3. Tidbits on TM-related Economics Research
An editorial* in the April Transfusion discusses a paper ** that investigates the cost of red cell transfusion in surgical patients in 4 hospitals (2 in the USA, 1 each in Austria and Switzerland).

* Custer B. The cost of blood: did you pay too much or did you get a good deal? (editorial) Transfusion 2010 Apr; 50(4): 742-4.
Shander A, Hofmann A, Ozawa S, Theusinger OM, Gombotz H, Spahn DR. Activity-based costs of blood transfusion in surgical patients at four hospitals. Transfusion 2010;50:753-65.
The research was funded by SABM, made possible by grants from suppliers of various brands of synthetic erythropoietin. Weirdly, a company called Masimo, not listed as funding the study, put out a press release on its outcomes:
In his Transfusion editorial Custer makes the following key points (summarized):
  • Although the basic purpose of health economic research is to link money spent to outcomes to help select expenditures that have the greatest benefit for individuals and/or society, there is no consensus on whether studies should try to answer questions that maximize benefit for individuals or society as a whole.
  • Patient outcomes are critical to whether blood safety and transfusion are worth the cost.
  • If outcomes for similar patients are better at hospitals that use more blood or have the highest transfusion costs, then the premise that transfusion costs are too high is invalid.
This last one got me thinking. According to the author's logic (taken to its logical conclusion), if a transfusion alternative like erythropoietin or autologous red cell salvage costs more than transfusing donated human red cells, but has improved patient outcomes (shorter hospital stays,etc.), then a premise that its increased cost compared to allogeneic transfusion is too high is invalid. Unfortunately, health economics research is more complicated and difficult to evaluate, as the author goes to great lengths to explain.

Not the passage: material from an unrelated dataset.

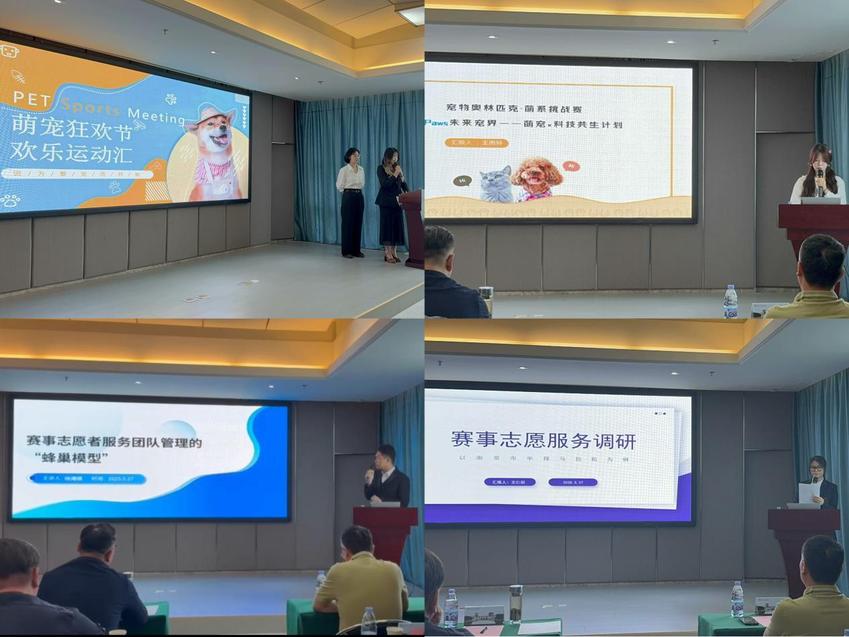 体育产业与休闲学院院长郭修金教授以“聚势·赋能·共生”为主题致欢迎辞,代表学院向参会的专家、企业代表及师生们致以诚挚谢意。“登攀系列”体育赛事综合能力大赛分为赛事策划和赛事志愿者调研报告两大部分。在赛事策划“人宠运动会”展示环节,各参赛团队通过限时5分钟的路演汇报,系统呈现了涵盖赛事策划、安全保障、商业运营等维度的赛事策划方案。专家从可行性分析、创新价值、商业效益等维度进行专业点评,并提出建设性意见。体育赛事调研报告展示环节,专家从调研方法、调研数据、调研成果及应用价值等方面进行了点评,使同学们受益良多。

Regarding the study by Shandler and colleagues, Custer concludes:
  • "Does a cost between $500 and $1200 per RBC unit transfused represent a good use of resources? Once again there is no single answer."
Tidbit #3 musings
As noted in an earlier blog (Dr. Strangeblood or how I learned to start worrying and hate the numbers), which also involved a paper by Custer*:
  • One of the main challenges with [cost effective analyses) is, as the computer nerds say, GIGO, Garbage in, garbage out....
* Custer B, Hoch JS. Cost-effectiveness analysis: what it really means for transfusion medicine decision making. Transfus Med Rev 2009 Jan;23(1):112.

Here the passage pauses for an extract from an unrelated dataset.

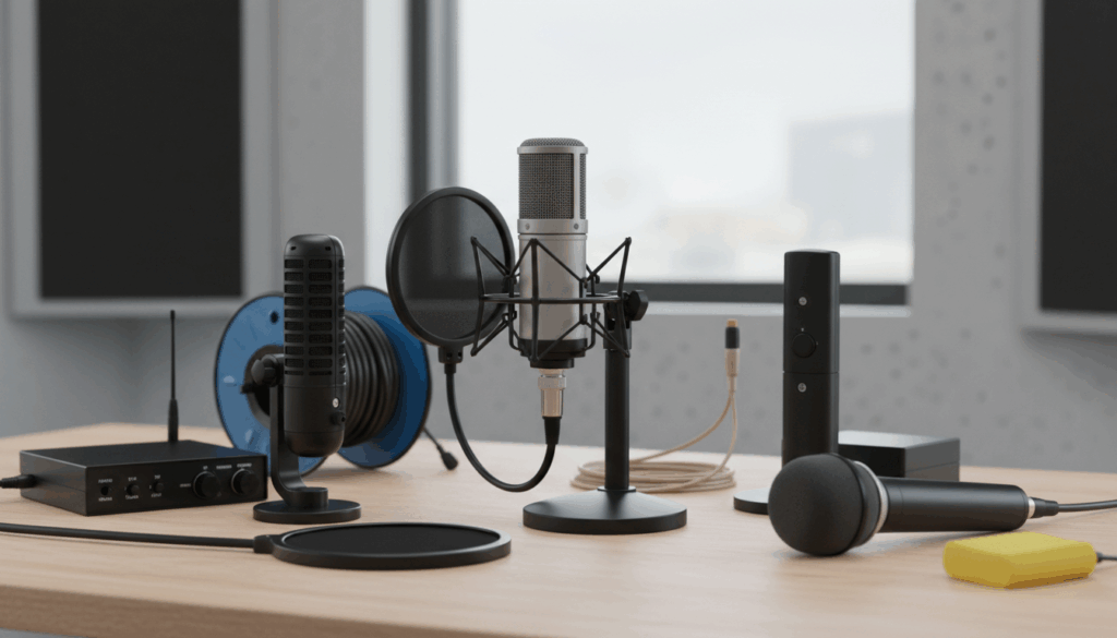 Variationerne gør valget personligt: store-diaphragm kondensatorer til stemme, dynamiske til robust levering og bord- eller overhead-mikrofoner til instrumenter samt lavalier til interviews. Tilbehør som popfiltre og svanehalse gør opsætningen lettere.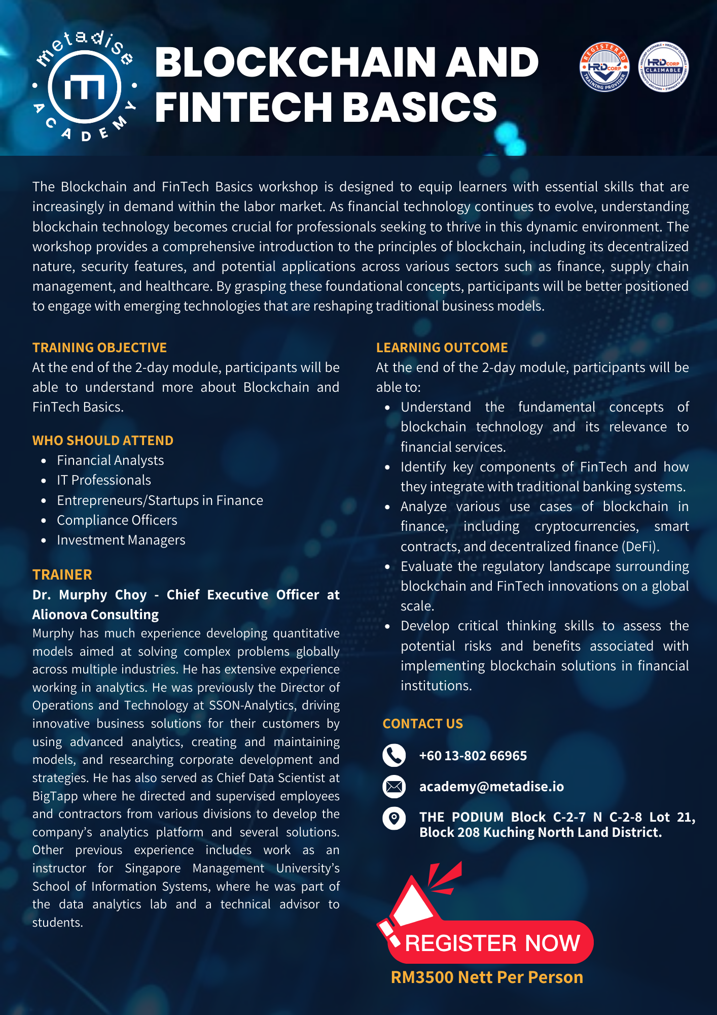 At the end of the 2-day module, participants will be able to understand more about Blockchain and FinTech Basics

Which is not to say that cost-analysis researchers input garbage. It's just to realize that, depending on the study design and inputs, you can claim almost any outcome you want. Unfortunately, when critically analysed, study results may not mean much.
As shown, the potpourri of tidbits all deal with money, a relevant topic for April when income tax is due, at least in Canada and the USA:
  • Immucor's gross profit margin on instrument reagents is 80%. Should we care and how can we best use this factoid?

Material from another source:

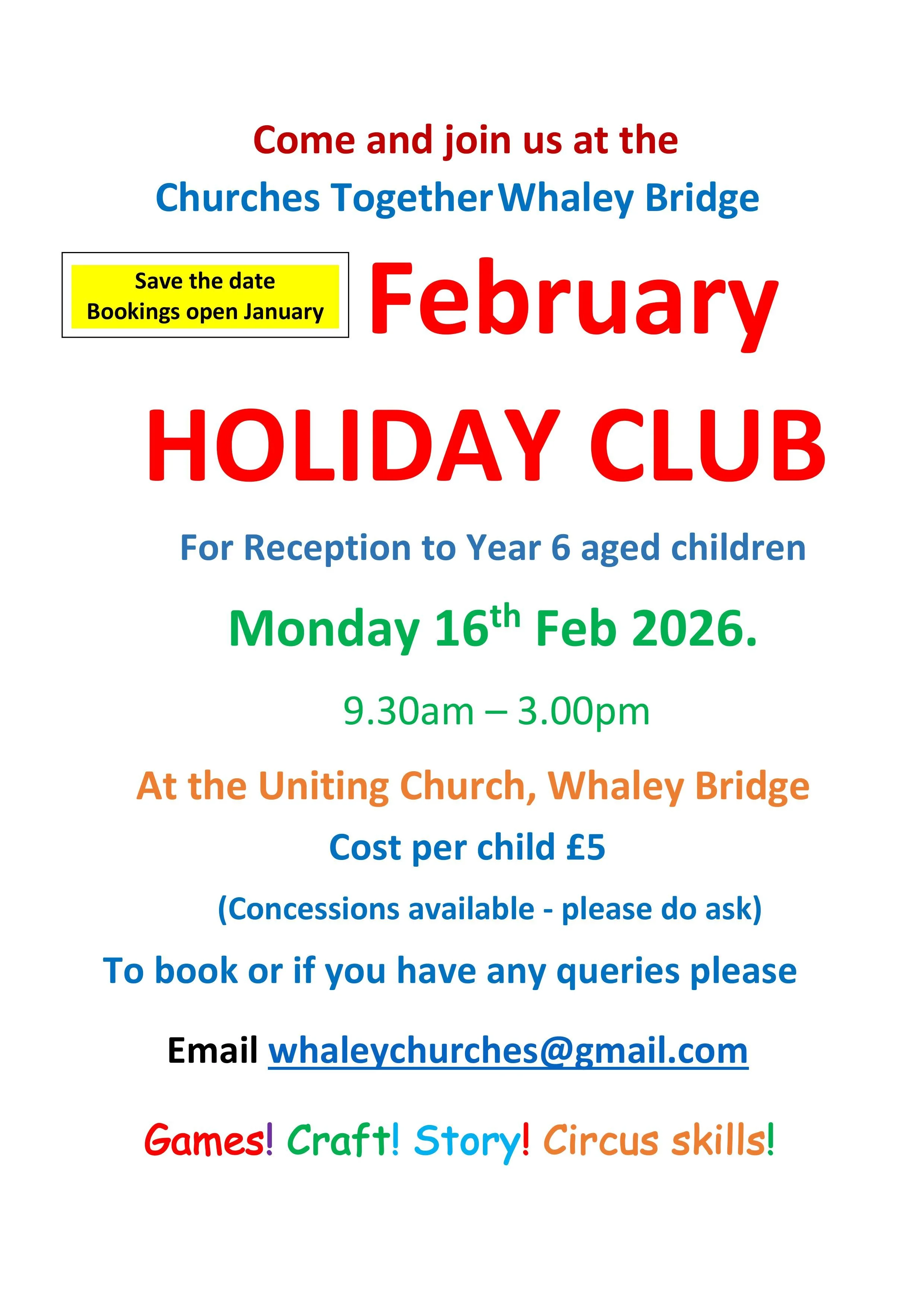 Room lettings enquiries - please contact cofe.whaleybridge@gmail.com

  • Canada has a high per capita rate of transfusing IVIG, a costly plasma derivative, motivating CBS and NAC to produced evidence-based guidelines for its use. This we should care about.
  • The cost of transfusion has been under-estimated but what does it really mean?
As usual, I think we can all benefit by getting back to sufficient costing basics to allow us to assess these economic studies effectively.
April - The cruellest month
On 11 April 1969 the Beatles single "Get Back" was released, and an alternative version became the closing track of Let It Be (1970), released just after Paul McCartney announced he was leaving the band 40 years ago.
As T.S. Eliot wrote in his poem The Waste Land:
April is the cruellest month, breeding
Lilacs out of the dead land, mixing
Memory and desire, stirring
Dull roots with spring rain.
Addendum: I'm still curious why Masimo would pay for a press release for a study that it did not fund. If you know the connection, please write.